Zadecydowała zagrywka - komentarze po spotkaniu Wenezuela - Polska

Mocna zagrywka była, zgodnie z opinią trenerów i kapitanów reprezentacji Polski i Wenuezueli czynnikiem, który przesądził o zwycięstwie biało-czerwonych. Na zakończenie II weekendu rywalizacji w grupie D Polska zwyciężyła w Ameryce Południowej 3:0.

Michał Bąkiewicz (kapitan reprezentacji Polski): Jesteśmy bardzo zadowoleni z wyniku, chociaż tak naprawdę ważniejsze dla nas było zwycięstwo piątkowe. To właśnie wygrana w piątek pozwoliła nam się czuć tak pewnie podczas niedzielnego spotkania.

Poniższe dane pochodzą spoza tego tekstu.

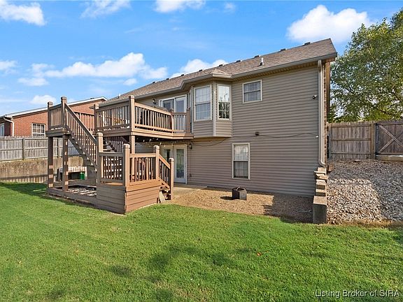 Step into this charming well-maintained home located in desirable Windy Pines neighborhood. This 3-bedroom, 2-bathroom property offers the perfect blend of comfort and style. The spacious, open concept living area with vaulted ceilings is perfect for entertaining, featuring plenty of natural light. The eat in kitchen offers ample cabinet storage with a bay window overlooking the large fenced in backyard. The primary bedroom offers a peaceful retreat with a private ensuite bathroom and a walk-in closet. Basement is plumbed for 3rd bathroom. New HVAC replaced in 2023. The partially finished walkout basement offers additional living space, game room opportunity, and extra storage space. Outside, you will find a lovely deck overlooking the large, fully fenced backyard providing the ideal space for relaxing or entertaining guests. The home is conveniently located by Hwy 62, prime location close to local shopping, dining, east end bridge, and schools. Inspections are welcome but home is being sold as is. $500 allowance at closing for new dishwasher.
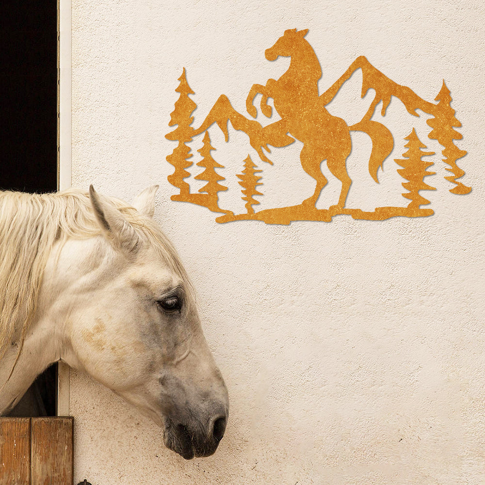 Pferd und Berg Kunst Metall Wanddekoration

Andy Rojas (kapitan reprezentacji Wenezueli): Gratuluję Polsce zwycięstwa. Siła naszych rywali polegała przede wszystkim na niezwykle mocnej zagrywce, co powodowało nasze duże problemy z przyjęciem i konieczność wysokich wystaw piłek. Nie zagraliśmy dzisiaj na swoim poziomie i Polacy w pełni zasłużyli na zwycięstwo.

Daniel Castellani (trener reprezentacji Polski: Andy Rojas ma rację, Wenezuela nie była tym samym zespołem, jaki zapamiętaliśmy z poprzedniego meczu. Nasze zagrywki sprawiały im dużo problemów i wymuszały proste rozgrywanie, co umożliwiało nam skuteczne bloki. Graliśmy lepiej niż w piątek i popełnialiśmy mniej błędów.

José A Gutiérrez (trener reprezetnacji Wenezueli): Polacy pokazali, że są mocni, zwłaszcza w grze blokiem. Czynnikiem decydującym w niedzielę była mocna zagrywka rywali. Nasze przyjęcie było fatalne, co wpływało na rozegranie. Atakujący musieli przebijać się przez szczelnie postawiony blok. Nie mogliśmy sobie z tym poradzić.